Глава 17

-----------------------------------------------

Вода в бадье плеснула, заходила глянцевыми сверкающими гранями, дробя отражение облаков и заглянувшего в неё лица…

Кира отвернулась от водяного зеркала и устало провела рукавом по глазам. Потом перелила воду в тяжёлые вёдра, подхватила их и поволокла к коровнику: скоро пригонят с пастбища скотину, надо успеть наполнить поилки на ночь. До начала вечерней дойки…

Опрокинув вёдра в бездонный деревянный жёлоб, девушка потащилась обратно к колодцу.

Что со мной? – ворочалась в голове медленная и невнятная от усталости мысль. Как получилось, что я теперь такая и… в таком положении? Возможно ли, чтобы подобное происходило со мной? Может, это не я?.. Вонючка? Коровница? Облезлая, грязная и замученная тяжёлой работой… Разве этим могу быть я? Неееет… Ни в коем случае! Это не может быть… Как, кстати, меня звали?.. зовут, в смысле… Луиза-Фредерика? Нет, не то… Кира! Кира Волошкина! Самодостаточная, решительная, шикарная, изысканная… привлекательная и… и она бы ни за что не пала так низко, да… ниже некуда… на дно…
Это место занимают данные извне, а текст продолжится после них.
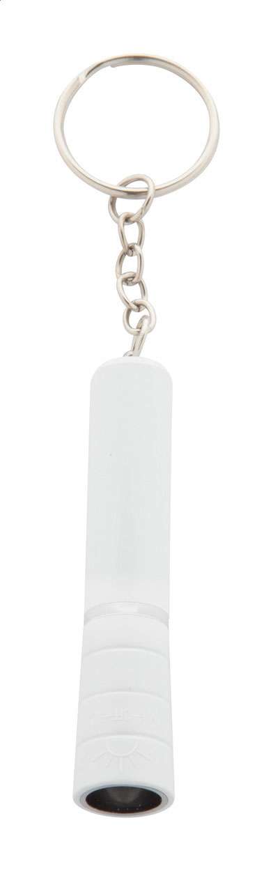 Mini lanternă din plastic cu LED alb și inel metalic. Cu baterie.

Коровница столкнула колодезную бадью в выложенный замшелыми камнями чёрный зев. Внизу гулко плеснуло. Спустив рукава на израненные ладони, она взялась за ручку вала и под его пронзительный скрип принялась выбирать цепь.

Значит, я не Кира Волошкина. Наверное, она превратилась в кого-то другого… Её ведь заколдовали, так? Видимо, колдовство оказалось серьёзнее, чем думалось. Видимо, извергание лягушек было лишь первым симптомом… Выходит, что ж? – сперва я потеряла голос, а теперь… теряю себя?..

Надо поднатужиться – выволочь тяжеленную бадью на бортик колодца, перелить в вёдра. И – знакомой тропкой к распахнутым воротам хлева…

…Она работала у Збжевских не более двух недель. Но ей, изнурённой непривычными тяготами, унижениями и странной беспросветностью положения, казалось, что прошли годы. Что так было всегда. Прежняя жизнь стала казаться в угаре каторжной работы далёким и уже полузабытым сновидением. Была ли она?..

Когда бывшая принцесса решилась последовать за Медведем и Спальчиком в местечко под названием Пшчина, она и помыслить не могла, какую ничтожную и малопривлекательную роль предложит ей новая сказка.

…Спустя двое суток диеты на малине и лещине, путники, наконец, добрались до предместьев городка. Вздохнули, было, с облегчением, но… Поошивавшись вокруг да около ещё один голодный день и осознав, что судьба не собирается предложить им никакого достойного выхода из создавшегося положения, бродяги вынуждены были признать: вопрос о хлебе насущном и способах его добычи встал во весь рост.

Вежливые намёки Медведя о возможности наняться в услужение были принцессой с негодованием обфырканы. После чего Кира выразительно посмотрела на Спальчика, изогнув бровь.

Тот этим немым призывом так воодушевился, как будто самостоятельно подобная мысль в голову ему прийти не могла. Он с энтузиазмом принялся собираться: помыл в ручье уши и шею, повынимал из колтуна на голове репьи – сколько смог – и потуже подпоясал пеньковой верёвкой штаны.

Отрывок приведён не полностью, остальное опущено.